Once soil temperatures reach 55-60 degrees for several days, crabgrass seeds start germinating and become the troublesome weeds of lawns and gardens we all disdain. There are several species of crabgrass, all native to tropical, sub-tropical and warm temperate regions of the globe. The most common here are large or hairy crabgrass (Digitaria sanguinalis) and smooth crabgrass (D. ischaemum), both annuals.

Crabgrasses have wider leaves than most grasses and are also called finger grasses, because of their finger-like growth habit. Each plant can produce over 100,000 seeds in a season and seeds can last 30 years in soil, so it is no wonder crabgrass is one of the most frustrating weeds gardeners and homeowners combat annually.

Crabgrass will grow anywhere, but in dense shade and prefers compacted soil and hot, dry, sunny sites. Thin, weak lawns, especially if underwatered, and bare patches of lawn are perfect sites for crabgrass seeds to germinate. All they need is sunlight and a bit of moisture.

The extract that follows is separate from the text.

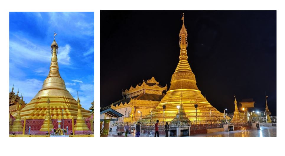 စေတီတော်နှစ်ဆူလုံးမှာ မွန်ပြည်နယ် ရေးမြို့ မြို့လယ် ရန်ကြီးအောင်ရပ်ကွက်တွင် တည်ရှိပြီး တစ်ဆူနှင့်တစ်ဆူ အနည်းငယ်သာ ကွားဝေးပါသည်။ သမိုင်းအရ မြတ်စွာဘုရားရှင်သည် သုဝဏ္ဏဘူမိဒေသသို့ ကြွချီလာစဉ် ဆံတော်များပေးအပ်ချီးမြှင့်ခဲ့ရာ ကလိန်စေ့တောင်ရသေ့သည် မိမိရရှိသော ဆံတော်ရှစ်ဆူကို ဆူးရစ်ပင်များရှိရာ ဆူးရစ်ချုံကုန်းတွင် ဆံတော်လေးဆူဌာပနာ၍ စေတီတစ်ဆူနှင့် စကားပင်များပေါက်ရာ စကားတောင်ကုန်းတွင် ဆံတော်လေးဆူဌာပနာ၍ စေတီတစ်ဆူ တည်ထားကိုးကွယ်ခဲ့သည်ဟုဆိုသည်။ ကောဇာသက္ကရာဇ် ၉၇ ခုနှစ်တွင် အဝိဇ္ဇာဇေယျပူရမြို့(ယခု ရေးမြို့)ကို တည်ထောင်သော မာရဒေဝီမင်းသမီးသည် ဆူးရစ်ချုံကုန်းစေတီနှင့် စကားပင်ကုန်းစေတီနှစ်ဆူကို ပြန်လည်တည်ထားကာ ဆူးရစ်ချုံကုန်းစေတီကို (ကျာ်ဒ်ုချာဲ) ဟူ၍လည်းကောင်း၊ မြို့လယ်တွင် တည်ရှိခြင်းကြောင့် ကျာ်ဒေါဝ်ဍိုင် (မြို့လယ်ဘုရား) ဟူ၍လည်းကောင်း၊ စကားတောင်စေတီကိုမူ မွန်အမည် ကျာ်ဒ်ုပါ့ ဟူ၍ လည်းကောင်း ဘွဲ့တော်သမုတ်ခဲ့ကြသည်။ ကာလကြာလာသော် ဆူးရစ်ချုံကုန်းစေတီကို ဆံတော်ဓာတ်များကို အကြောင်းပြုပြီး ရွှေဆံတော်စေတီဟုလည်းကောင်း၊ စကားပင်ကုန်းစေတီကို စကားပင်များရှိရာ တောင်ကုန်းတွင် တည်ထားခဲ့သောကြောင့် စကားတောင်စေတီဟုလည်းကောင်း ခေါ်တွင်လာကြသည်။ မာရဒေဝီမင်းသမီး နန်းသက် ၃၅ နှစ် စိုးစံပြီး ကောဇာသက္ကရာဇ် ၁၂၉ ခုနှစ်တွင် နတ်ရွာစံခဲ့ရာ အမတ်ကြီးတိက္ခက ထီးနန်းဆက်ခံ၍ အမတ်ငယ်တစ်ဦး ထပ်မံထီးနန်းဆက်ခံပြီးနောက် ကောဇာသက္ကရာဇ် ၁၅၁ ခုနှစ် မင်းဆက်ပြတ်ပြီး မြို့လည်းပျက်သုဉ်းခဲ့သည်။ စေတီနှစ်ဆူလည်း ထပ်မံပျက်ပြီး နှစ်ပေါင်း ၆၅၀ ခန့် တောကြီးဂနိုင်၌ ဆိတ်သုဉ်းပျောက်ကွယ်ခဲ့သည်။ ကောဇာသက္ကရာဇ် ၈၀၀ ပြည့်နှစ်တွင် ဟံသာဝတီပြည့်ရှင် ဓမ္မစေတီမင်းက ပျက်စီးဆိတ်သုဉ်းနေသော အဝိဇ္ဇာဇေယျပူရမြိုဟောင်း (ရေးမြို့ဟောင်း)ကို ရာဇသီဟဇေယျပူရမြို့အဖြစ် မြိုသစ်တည်တော်မူပြီး စေတီတော်နှစ်ဆူကိုလည်း ပြန်လည်တည်ထားကိုးကွယ်ခဲ့သည်။ အင်္ဂလိပ်ခေတ်တွင် ရေးမြို့သူမြို့သားတို့သည် အရပ်ရပ်ကြပ်တည်းမှုဒဏ်ကြောင့် စေတီနှစ်ဆူကိုလည်း ပြုပြင်မွမ်းမံသူမရှိသဖြင့် ဟောင်းနွမ်းပျက်စီး၍ အုတ်အင်္ဂတေများ ပြိုကျကာ ဘုရားငုတ်တိုများအဖြစ်သို့ ရောက်ခဲ့ရသည်။ ကောဇာသက္ကရာဇ် ၁၂၄၆ ခုနှစ်၊ နတ်တော်လတွင် ရေးမြို့၊ မရမ်းကျောင်းတိုက်ဆရာတော် ဦးဥတ္တမ ဦးစီးသည့် ရဟန်းသံဃာများ၊ ဒါယကာ၊ ဒါယိကာများက စေတီဟောင်းနှစ်ဆူကို ဖြိုဖျက်၍ အသစ်ပြန်လည်တည်ထားကိုးကွယ်ခဲ့သည်။ ထို့နောက် ခေတ်အဆက်ဆက် စေတီတော်နှစ်ဆူ၏ ဉာဏ်တော်များကို မြှင့်တင်ကိုးကွယ်ခဲ့ကြရာ မျက်မှောက်ခေတ်တွင် ရွှေဆံတော်စေတီတော်သည် ရင်ပြင်တော်မှ စိန်ဖူ
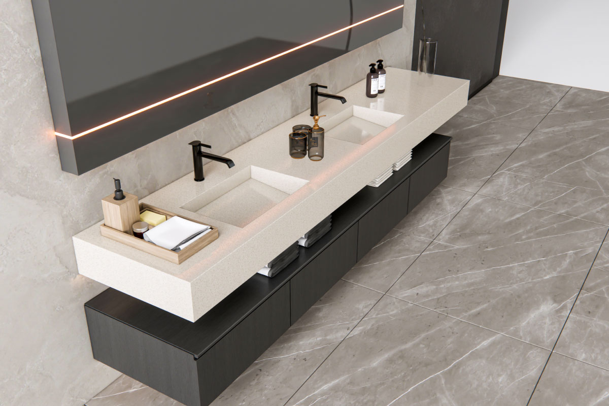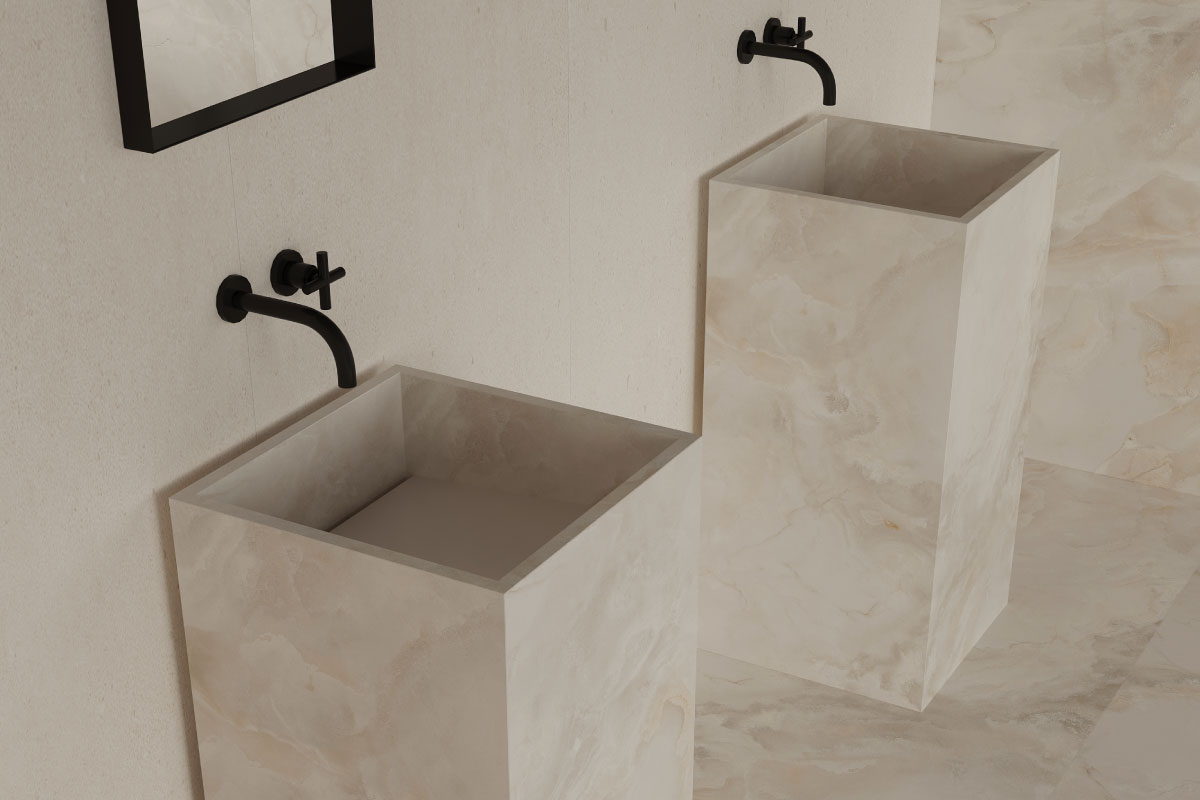 As cubas esculpidas em porcelanato são a combinação perfeita entre design moderno, funcionalidade e durabilidade. Projetadas para se integrar harmoniosamente ao ambiente, elas elevam o padrão de elegância de banheiros, lavabos e espaços gourmet, oferecendo uma solução única e personalizada.

The best way to control crabgrass in lawns is to keep your lawns thick and healthy. Mowing high, setting your mower at 3 inches or more, and using a mulching mower to turns clippings into fertilizer, shades the soil beneath and discourages crabgrass seeds from germinating. Watering deeply 3-4 times per week is better than watering for a short time every day. Grass roots grow deeper, and plants grow stronger and more resilient. Fertilizers may not be necessary if you use a mulching mower. If you fertilize, use organic products and apply before grass growth slows in early fall.